If this sounds reasonable, I could try working on a possible integration.

The text was updated successfully, but these errors were encountered:

Osmodium · 2023-09-07T07:51:16Z

I'm just realizing; are you talking about these voices? https://www.ghacks.net/2018/08/11/unlock-all-windows-10-tts-voices-system-wide-to-get-more-of-them/
Because then the mod already supports the voices, you "just" have to enable them through the guide (also described in the only article on the mod page)

Iheuzio · 2023-09-07T11:07:35Z

It should read whichever tts voice is configured in chrome/chromium. This is separate from windows' voices and would require to pass the text through the browser API in order to be read.

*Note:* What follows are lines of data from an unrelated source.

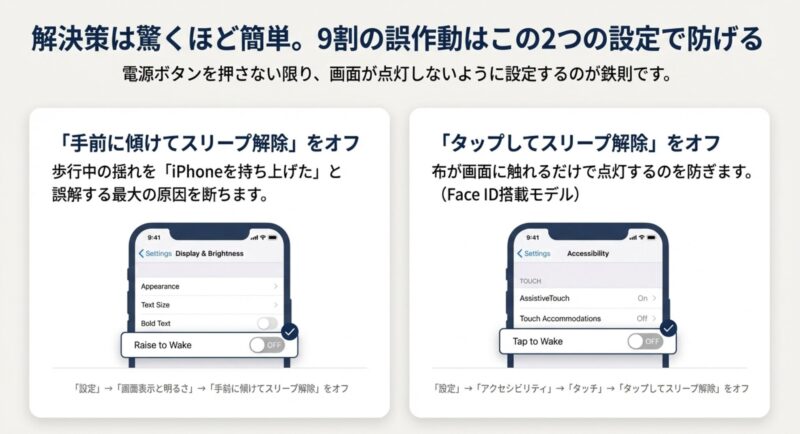 この2つを設定するだけで、電源ボタン(サイドボタン)を物理的に押さない限り画面がつかなくなるため、ポケット内での誤作動は9割以上防げると言っても過言ではありません。
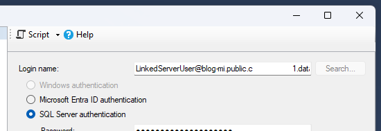 The Managed Instance doesn’t like our credentials, no account matches. So we’re going to create a new login on the Managed Instance. Including the server name. Let’s call it a fully qualified login:
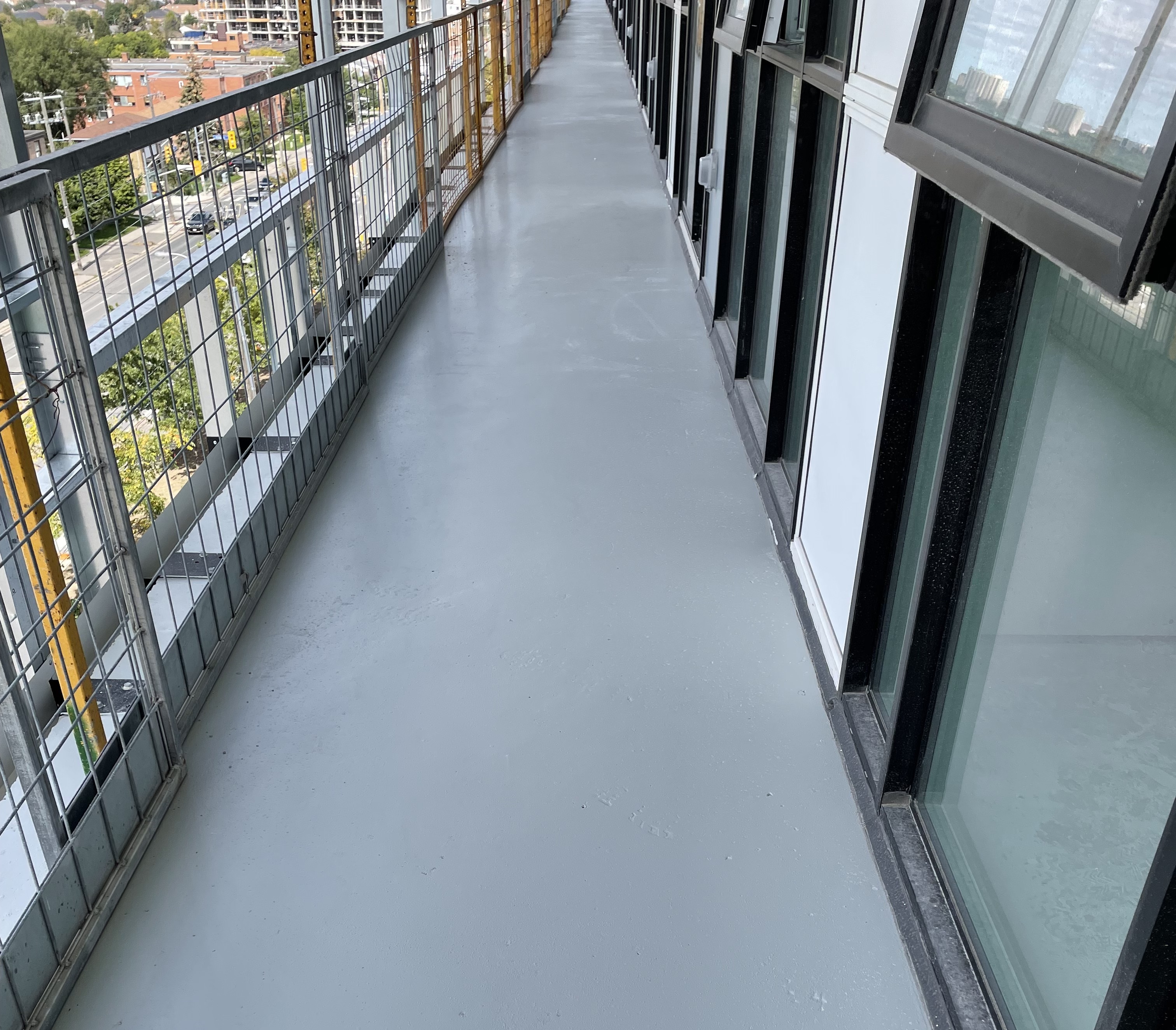 A 74,000 sq. ft. job of the highly advanced non-slip balcony deck coating system from Zeraus Products. It consists of ZeraDite 82NS (flexible urethane-modified epoxy primer/base coat) and ZeraClad W-35 (waterborne aliphatic urethane). Together they provide a long lasting highly attractive UV-resistant coating that protects the balcony deck from water, salts and sunlight degradation.
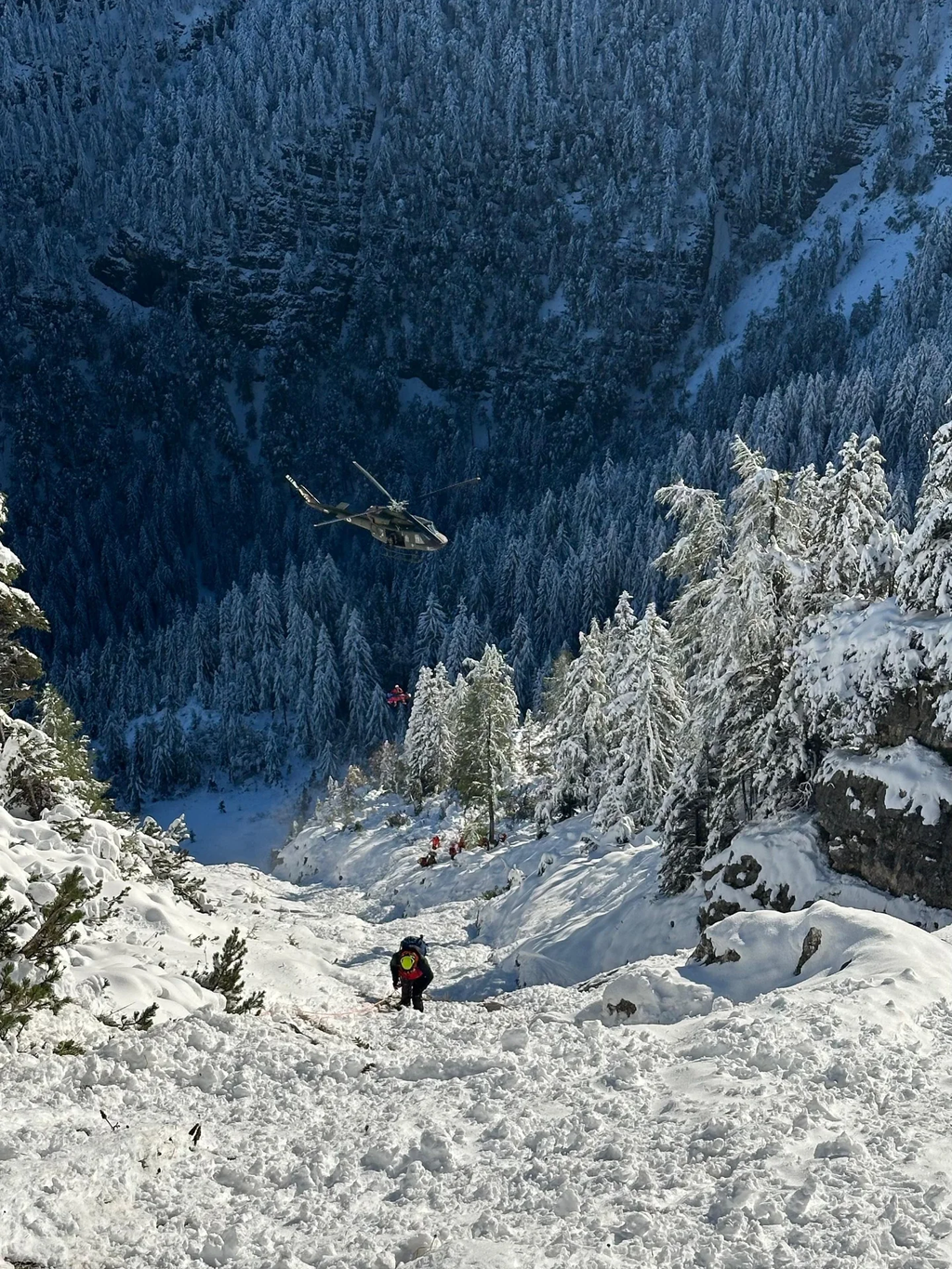 Danes so z reševanjem nadaljevali navsezgodaj. Helikopter jih je pripeljal na vznožje grape.
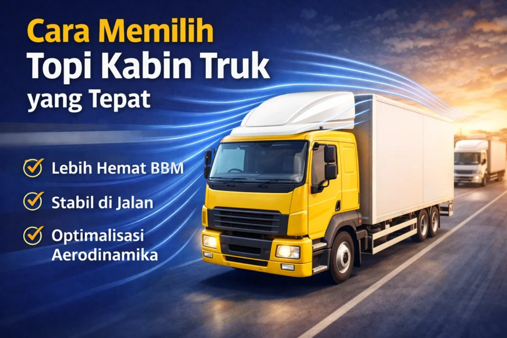 Cara Memilih Topi Kabin Truk yang Tepat sering menjadi pertanyaan bagi pemilik armada, pengusaha logistik, maupun driver truk. Banyak orang memasang topi kabin hanya karena tampilan atau mengikuti tren. Padahal, pemilihan yang kurang tepat bisa membuat fungsi aerodinamika tidak maksimal.
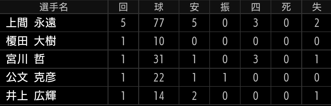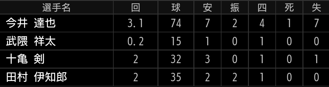 先発投手なのでもう少し長い回を投げてもらいたい所でしたが、続投させた事で残念ながらさらに失点に繋がってしまいました。
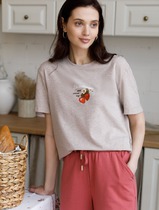21.04 Vilatte Футболка из эластичного футера с авторским принтом D49.095 кофе_на

Osmodium · 2023-09-07T11:48:02Z

I think you might mean this? https://learn.microsoft.com/en-us/archive/msdn-magazine/2019/june/speech-text-to-speech-synthesis-in-net
It was not possible to use SpeechSynthesis when the project was created since the version of .Net was incompatible with the version used in Unity, so the sideloading did not work. It might work now, however I have not tested this yet.

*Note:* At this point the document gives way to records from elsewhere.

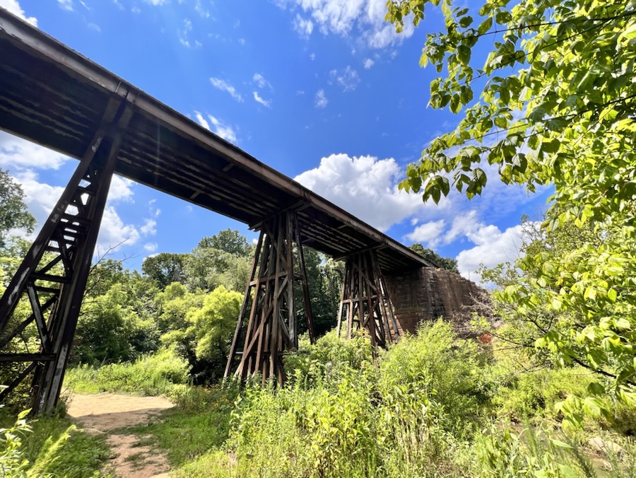 This Bridge was barricaded declaring it was unsuitable and hazardous rendering it off-limits to hikers/pedestrians.
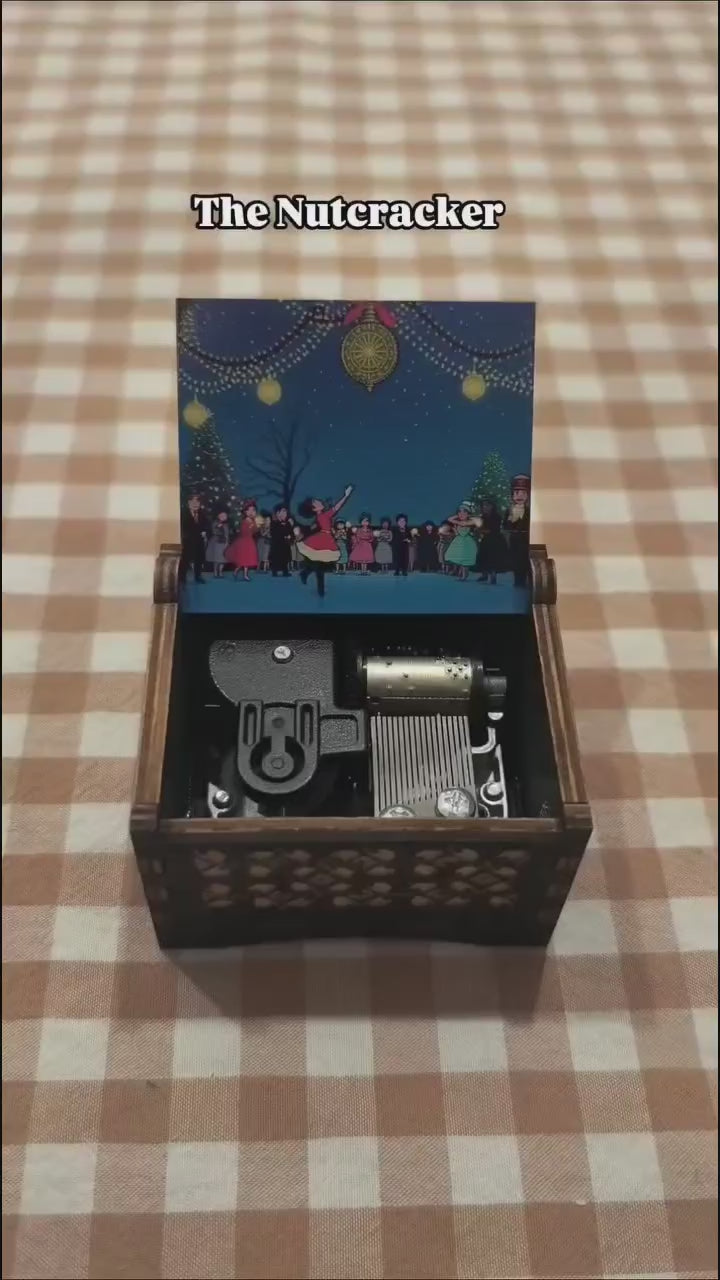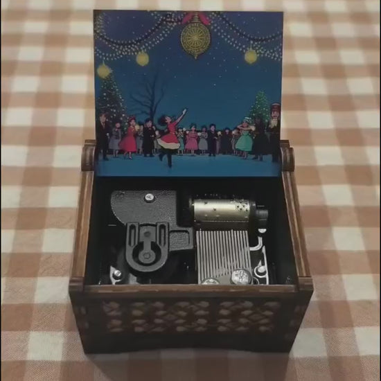This is a wind up music box. Turn the small wrist clockwise twice then release. The mechanism inside will then produce music automatically! 🎶
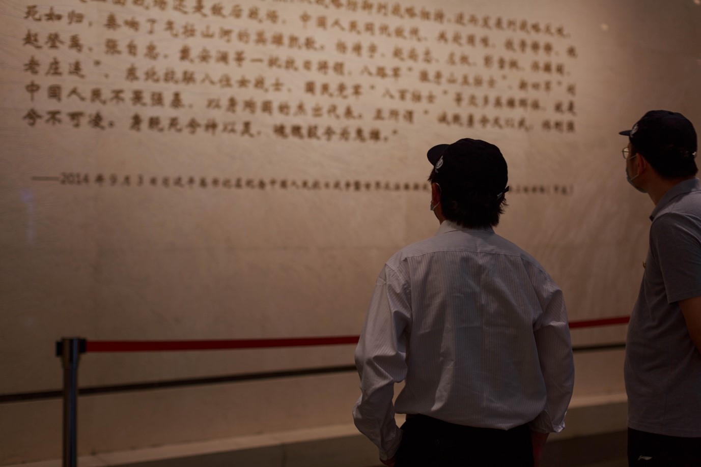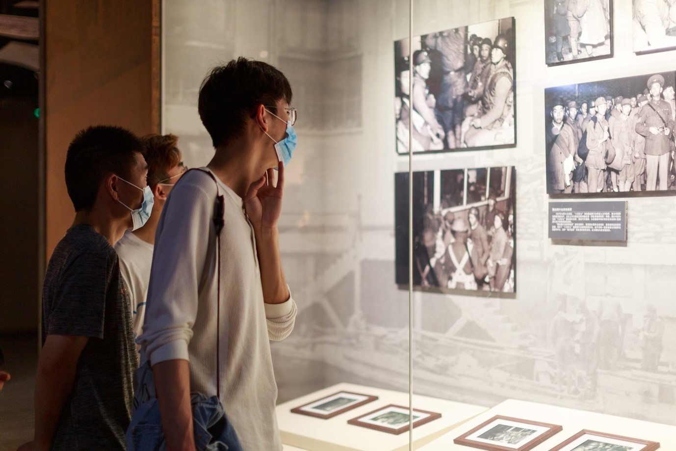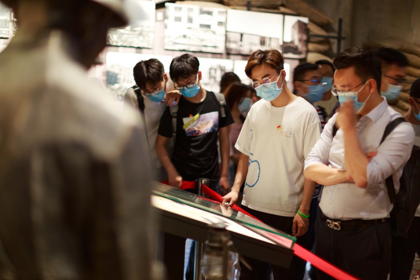 光纤国重的员工陈亮在观看四行仓库纪念馆的展览
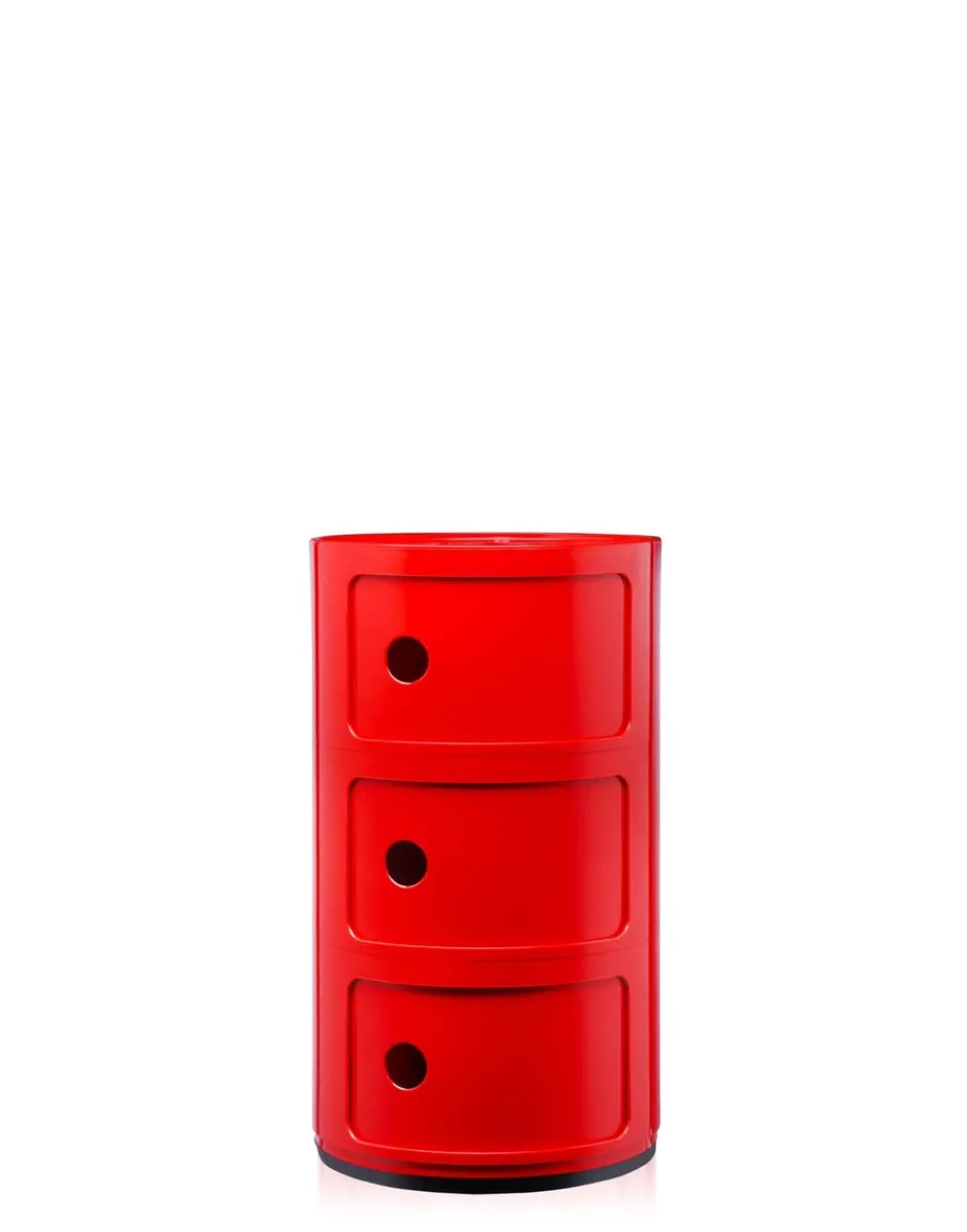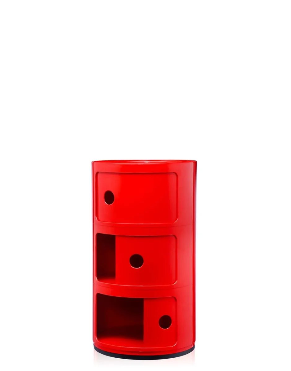 Gli elementi componibili sono stati progettati per rispondere a diverse esigenze d’uso e vivere in ogni ambiente della casa. I Componibili nati nel 1967 sono un classico senza tempo dell’arredamento, sono proposti oggi in forma rotonda con diametro da 32 cm. Grazie alle composizioni fisse da due, tre e quattro elementi risultano essere funzionali e pratici per ogni ambiente. Questo modello viene proposto in sei finiture glossy e una finitura silver opaca.

Couple of questions if not:

Would this require the user to have chrome installed?
Would it only be able to use the voice configured in chrome and not be able to take an agument for the voice?
Does it require an internet connection?

Iheuzio · 2023-11-23T19:57:49Z

Hi, sorry for the delay in response. Was busy working on other stuff.

You could check the forked repository I made for testing the changes, it works well.
here

it requires ffmpeg, mpv and edge-tts to be installed. Then it would work like this:
View Video demo

As for your questions:

Would this require the user to have chrome installed?

Yes you must have a chromium browser (edge and chrome are supported), only windows would work with this feature.

Would it only be able to use the voice configured in chrome and not be able to take an agument for the voice?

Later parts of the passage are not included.